#### Exercise directions:
Word-for-word transcription: reproduce all of the data, but not the pictures.

#### Information supplied:

=======

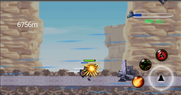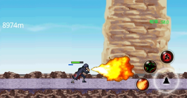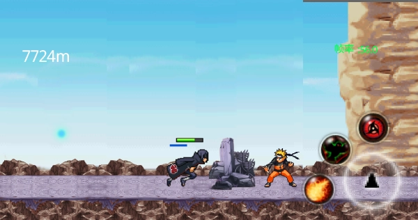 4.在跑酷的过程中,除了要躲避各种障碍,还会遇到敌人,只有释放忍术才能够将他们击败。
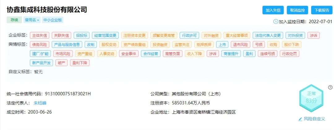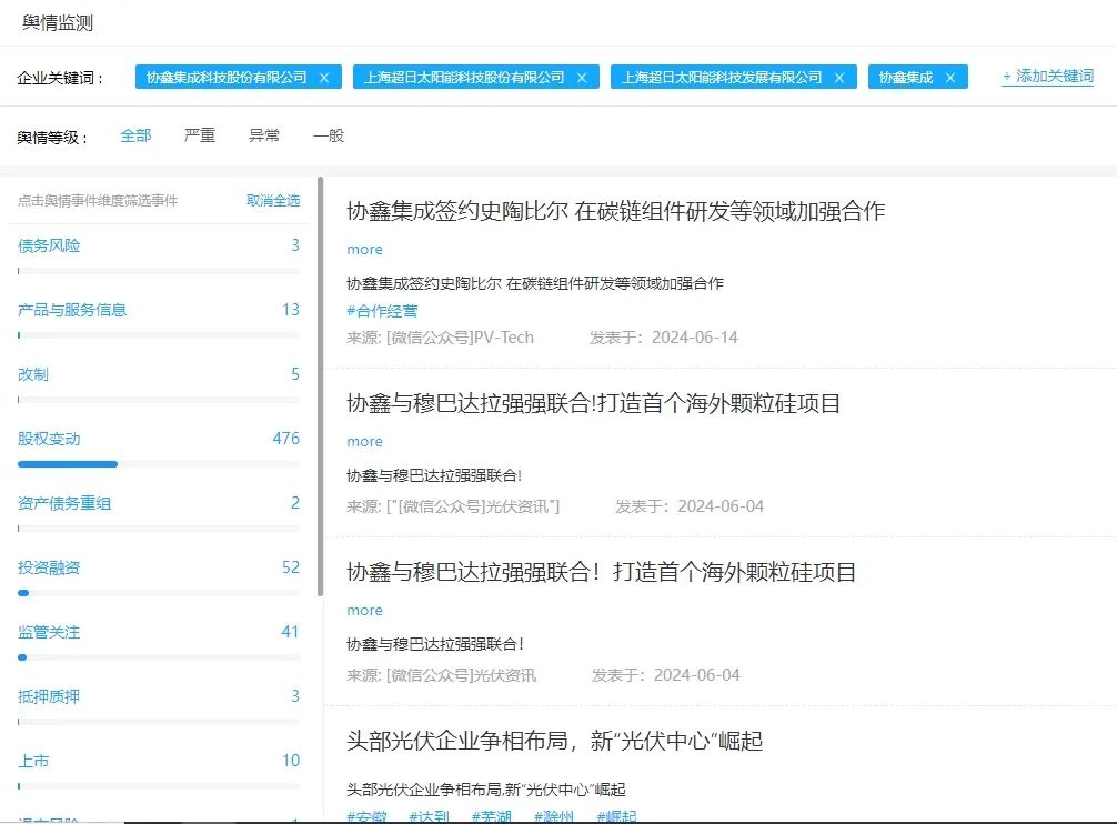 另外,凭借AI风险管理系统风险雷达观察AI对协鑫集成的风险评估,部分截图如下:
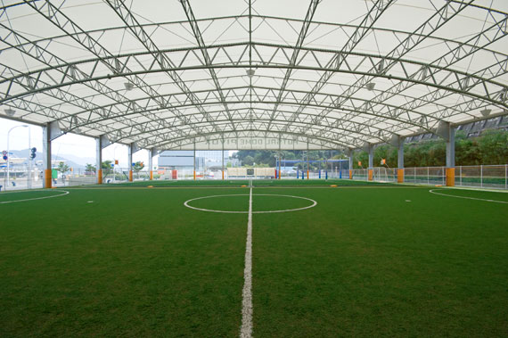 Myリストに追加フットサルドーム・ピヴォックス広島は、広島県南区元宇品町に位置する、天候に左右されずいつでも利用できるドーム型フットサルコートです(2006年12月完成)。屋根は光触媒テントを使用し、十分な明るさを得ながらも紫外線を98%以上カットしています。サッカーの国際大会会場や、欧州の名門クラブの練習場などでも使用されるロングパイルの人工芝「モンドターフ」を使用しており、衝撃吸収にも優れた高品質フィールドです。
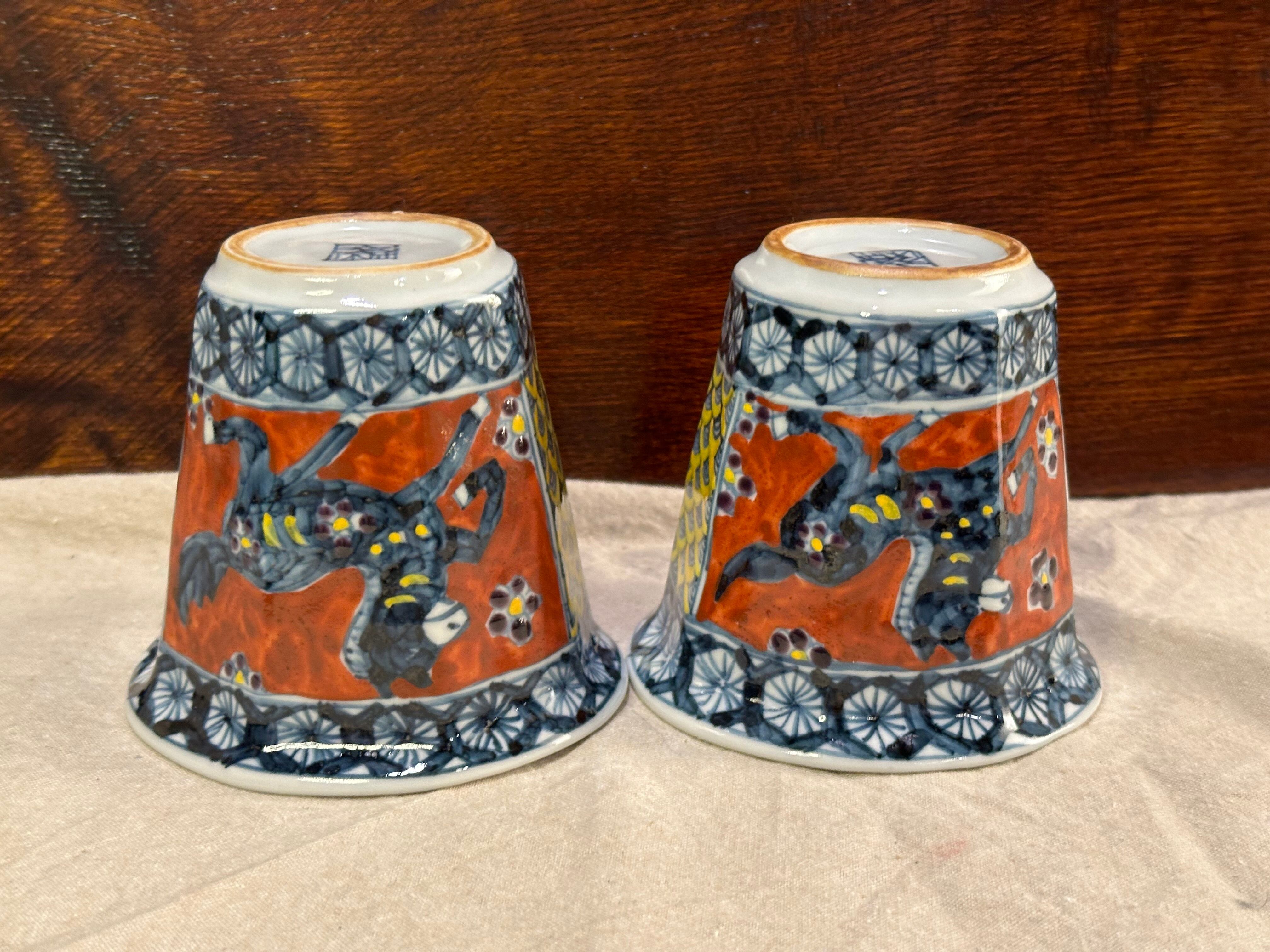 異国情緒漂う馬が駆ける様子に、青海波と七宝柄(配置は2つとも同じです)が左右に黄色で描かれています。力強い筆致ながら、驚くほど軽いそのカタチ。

=======

#### Answer to the exercise:
 4.在跑酷的过程中,除了要躲避各种障碍,还会遇到敌人,只有释放忍术才能够将他们击败。
 另外,凭借AI风险管理系统风险雷达观察AI对协鑫集成的风险评估,部分截图如下:
 Myリストに追加フットサルドーム・ピヴォックス広島は、広島県南区元宇品町に位置する、天候に左右されずいつでも利用できるドーム型フットサルコートです(2006年12月完成)。屋根は光触媒テントを使用し、十分な明るさを得ながらも紫外線を98%以上カットしています。サッカーの国際大会会場や、欧州の名門クラブの練習場などでも使用されるロングパイルの人工芝「モンドターフ」を使用しており、衝撃吸収にも優れた高品質フィールドです。
 異国情緒漂う馬が駆ける様子に、青海波と七宝柄(配置は2つとも同じです)が左右に黄色で描かれています。力強い筆致ながら、驚くほど軽いそのカタチ。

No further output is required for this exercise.